• DATA PROVIDED:

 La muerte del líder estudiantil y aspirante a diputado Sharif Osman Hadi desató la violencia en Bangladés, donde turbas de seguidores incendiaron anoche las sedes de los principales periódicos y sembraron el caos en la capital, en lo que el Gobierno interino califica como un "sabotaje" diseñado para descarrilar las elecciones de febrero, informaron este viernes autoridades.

* * *

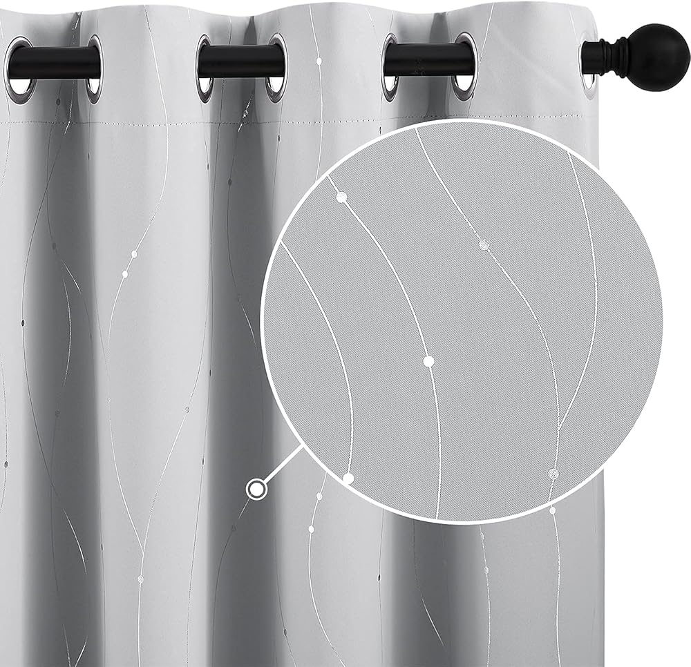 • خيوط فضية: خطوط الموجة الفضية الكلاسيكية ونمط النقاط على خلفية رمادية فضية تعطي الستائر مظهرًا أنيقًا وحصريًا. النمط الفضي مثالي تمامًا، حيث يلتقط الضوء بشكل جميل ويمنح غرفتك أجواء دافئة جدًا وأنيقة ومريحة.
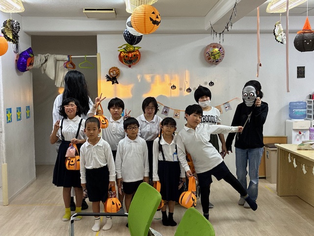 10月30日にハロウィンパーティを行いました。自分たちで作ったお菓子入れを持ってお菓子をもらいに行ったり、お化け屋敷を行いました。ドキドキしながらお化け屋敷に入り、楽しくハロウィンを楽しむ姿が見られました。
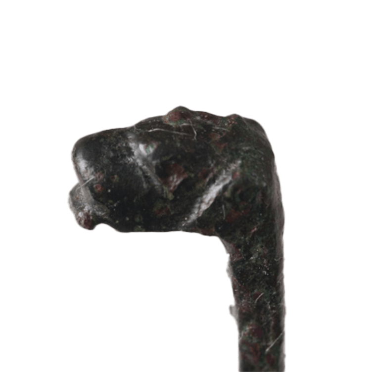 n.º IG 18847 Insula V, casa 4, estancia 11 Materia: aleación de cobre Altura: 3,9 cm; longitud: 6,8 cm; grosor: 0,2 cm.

---

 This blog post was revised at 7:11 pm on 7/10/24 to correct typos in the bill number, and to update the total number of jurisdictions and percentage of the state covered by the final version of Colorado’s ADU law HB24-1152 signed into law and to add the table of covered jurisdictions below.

• WHAT YOU ARE ASKED TO DO:
Look above for the line with "10月30日にハロウィンパー" and the line with "n.º IG 18847", then copy them and all lines in between exactly as written, and only those, without any pictures.

• ANSWER FOR THE TASK:
 10月30日にハロウィンパーティを行いました。自分たちで作ったお菓子入れを持ってお菓子をもらいに行ったり、お化け屋敷を行いました。ドキドキしながらお化け屋敷に入り、楽しくハロウィンを楽しむ姿が見られました。
 n.º IG 18847 Insula V, casa 4, estancia 11 Materia: aleación de cobre Altura: 3,9 cm; longitud: 6,8 cm; grosor: 0,2 cm.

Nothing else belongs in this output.